Whether a firm can act as the organizer of an ecosystem, a platform or not creates or limits business model opportunities, especially around “how” a firm earns its money. Keep in mind that most businesses, most of the time, have a “pipeline” or pipes  revenue model. 


It is not an easy analogy. Some might say the issue of who pays matters, in that regard. Some might point to new services as an area where telcos actually do operate in a two-sided market, as do media companies. 
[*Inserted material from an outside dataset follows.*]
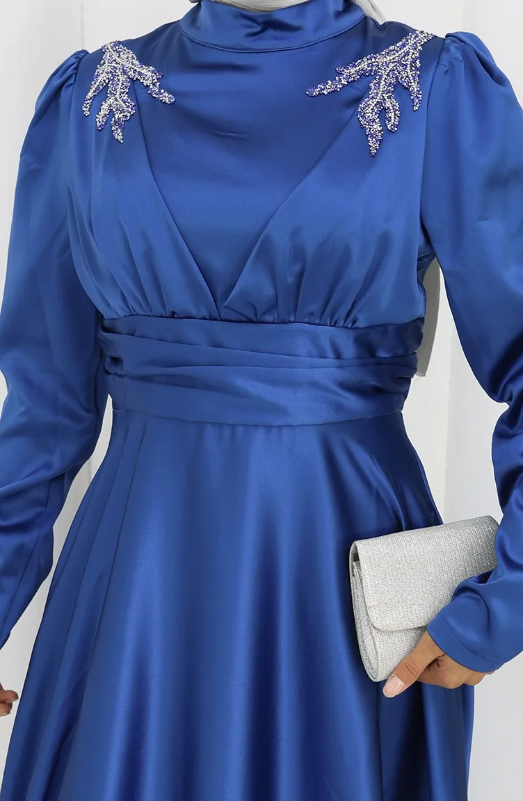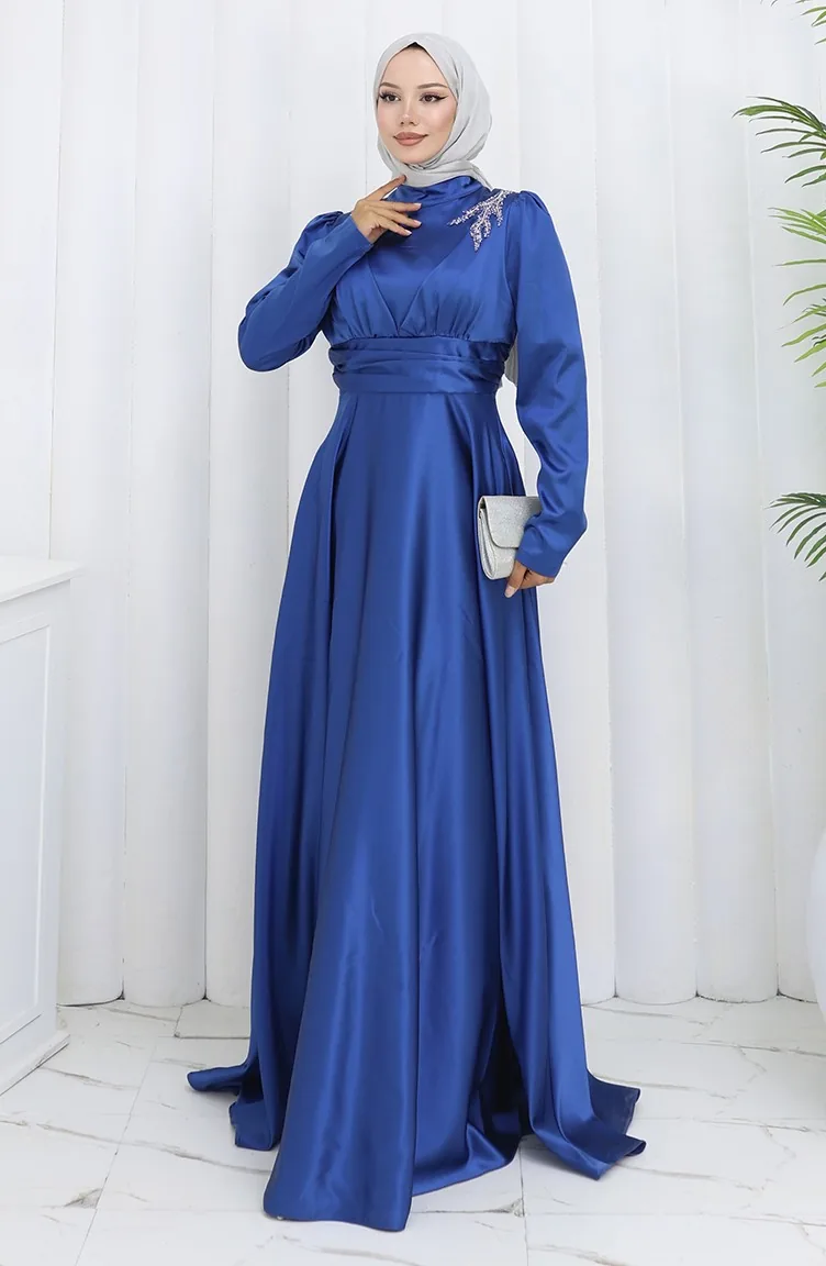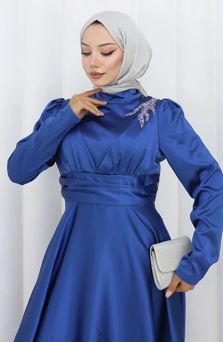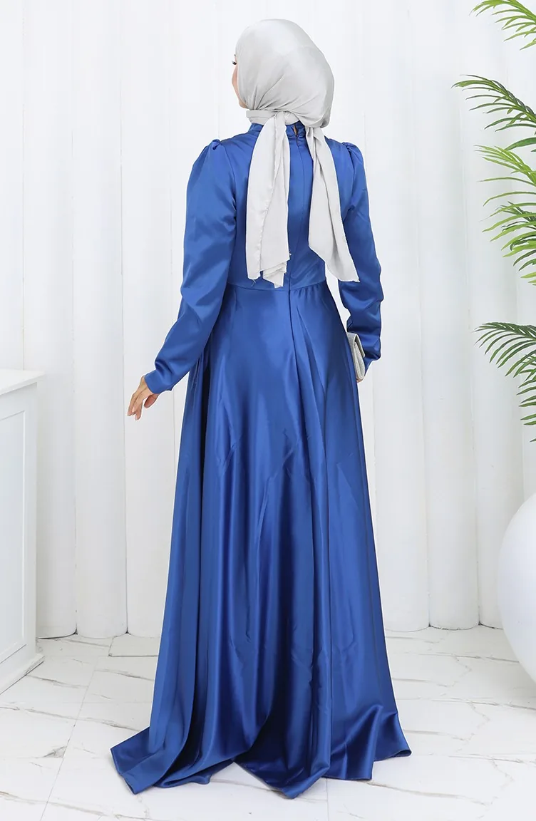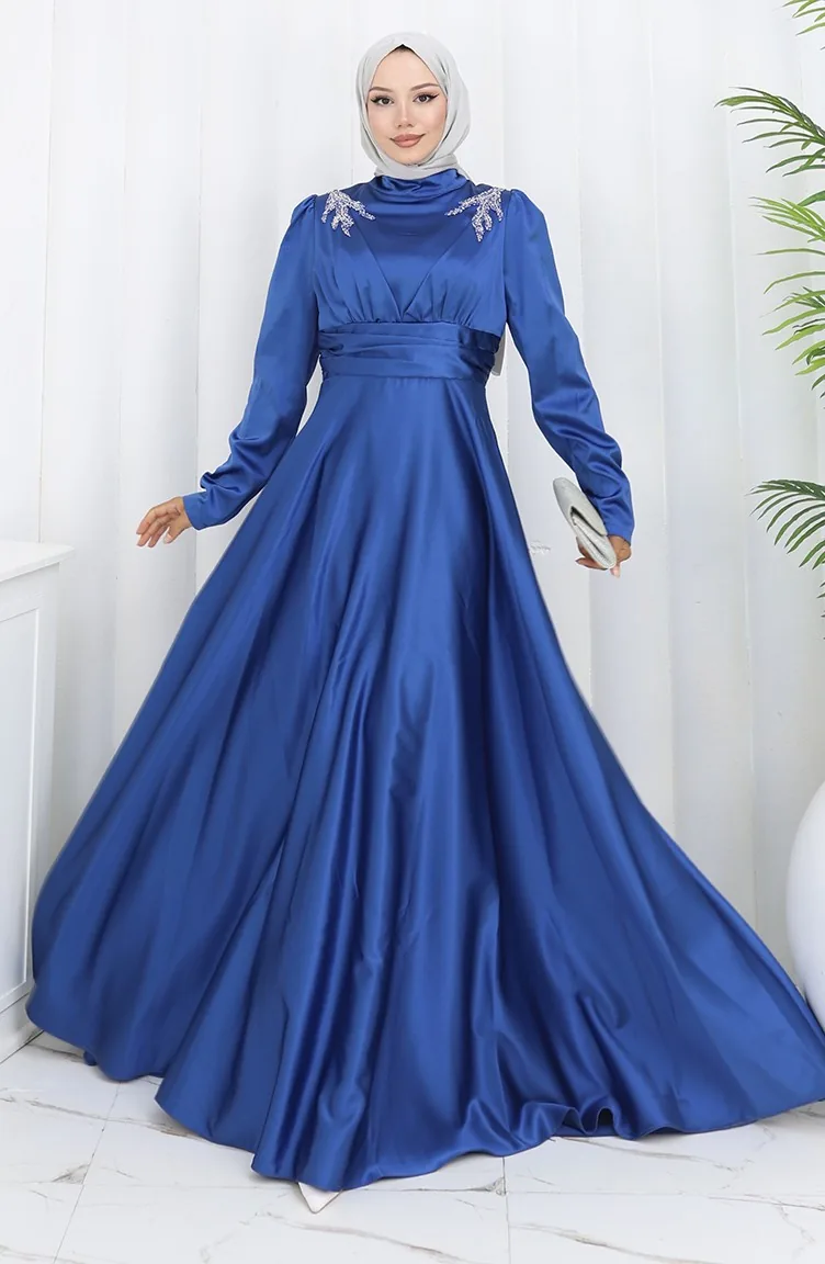 Oil Blue color is used. The satin fabric has an elegant texture, pleasant and precise in terms of appearance compared to other types. It has a plain appearance. Since the fabric thickness of the model is in the middle level, the liner is used. Long sleeve product. Tippet collar is prefered. Suitable for 4 seasons. Plus size option available.
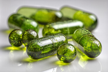 Close-up of glossy green supplement capsules and spherical gel beads with shimmering particles, representing herbal vitamins and modern nutraceuticals

Sales volumes and product relevance matter for any revenue model, for any firm. Additional issues, such as scale and value creation, are important for platforms. For a platform, scale leads to more value creation. For a pipeline model, scale leads to lower unit costs. 


A real platform creates value that is directly supplied by its users, rather than created by a product supplier. Recommendations, for example, add value to platform buyers and are directly created by users, not the platform or the sellers using the platform. 


Consumers and producers can swap roles on a platform. Users can ride with Uber today and drive for it tomorrow; travelers can stay with AirBNB one night and serve as hosts for other customers the next. Customers of pipe businesses--an airline, router or phone suppliers, grocery stores-- cannot do so.


Some day, efforts might again be made to create platforms for the parts of the connectivity business. It will remain a difficult challenge. Any telco hoping to become "the" platform for trading would have to be a carrier-neutral broker, and not be an owner and operator of network services in a direct sense.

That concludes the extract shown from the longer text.